Diego Marani ‘New Finnish Grammar’


‘At heart, we have always been Lutherans, even before we became Christians. The heroes of the Kalevala were already Lutherans in the same way that Achilles and Ulysses were already Orthodox. 2F042AD6-7A56-4C98-8D52-428CB0A1F403Ulysses practised his wiles on a sophisticated and sceptical society which was familiar with mental trickery. Väinämöinen’s mode of speech is craggy, immediate, uncomplicated, like the first blow of a chisel on rough stone. The Greek Gods mingled with men, wrangled and negotiated with them. The God Ukko never comes down to Earth; he judges our actions and then visits light or darkness upon us, punishment or reward.’
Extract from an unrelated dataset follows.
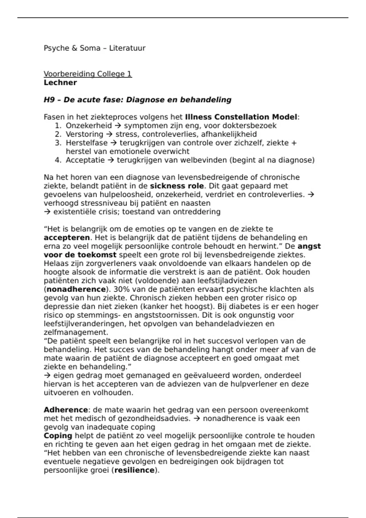 Samenvatting literatuur Psyche & Soma (P_MPSYSOMA)

In Diego Marani’s left of field book New Finnish Grammar, read for Italian Lit Month,  the story of roots and the need to belong is brought to us in this improbable story. During the Second World War a man is found in the port of Trieste, badly beaten and having lost his memory and speaking no language, the only clue to his identity is the Finnish name Sampo Karjalainen found on his jacket. He is brought aboard a german hospital ship to be treated where the doctor that treats him, Pétri Friari, has himself unsure roots, in the German forces but himself of Finnish descent. He tries to teach Karjalainen, the rudiments of Finnish before sending him to Helsinki to better discover and understand his own country and language and to then maybe discover more about himself. But Finnish is no ordinary language as we learn:


Finnish was not invented. The sounds of our language were around us, in nature, in the woods, in the pull of the sea, in the call of the wild, in the sound of the falling snow. All we did was to bring them together and to bend them to our needs. When God created man, he did not bother to send any men up here.
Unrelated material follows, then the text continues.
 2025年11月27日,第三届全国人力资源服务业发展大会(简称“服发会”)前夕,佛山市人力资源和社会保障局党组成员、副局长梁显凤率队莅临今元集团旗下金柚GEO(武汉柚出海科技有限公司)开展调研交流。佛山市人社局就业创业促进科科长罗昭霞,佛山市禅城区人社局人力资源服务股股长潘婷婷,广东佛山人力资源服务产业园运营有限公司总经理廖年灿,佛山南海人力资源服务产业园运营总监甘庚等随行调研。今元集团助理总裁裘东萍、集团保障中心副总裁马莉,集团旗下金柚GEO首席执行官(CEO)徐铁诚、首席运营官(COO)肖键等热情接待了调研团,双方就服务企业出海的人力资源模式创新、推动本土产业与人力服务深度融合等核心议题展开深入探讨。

The reader feels something of the poetry, of the essence of Finnish, without Marani trying to detail the actual language. As the Finns prepare to defend their country against Russian attack, Sampo is housed in the military hospital where he meets Ilma, a nurse who feels for him, maybe a new start is possible with her as he struggles to speak Finnish, helped by the pastor Koskela who tries to teach him not only the language but also what it is to be Finnish through Finnish mythology, The Kalevala, the spirit of which is rendered in the opening quote.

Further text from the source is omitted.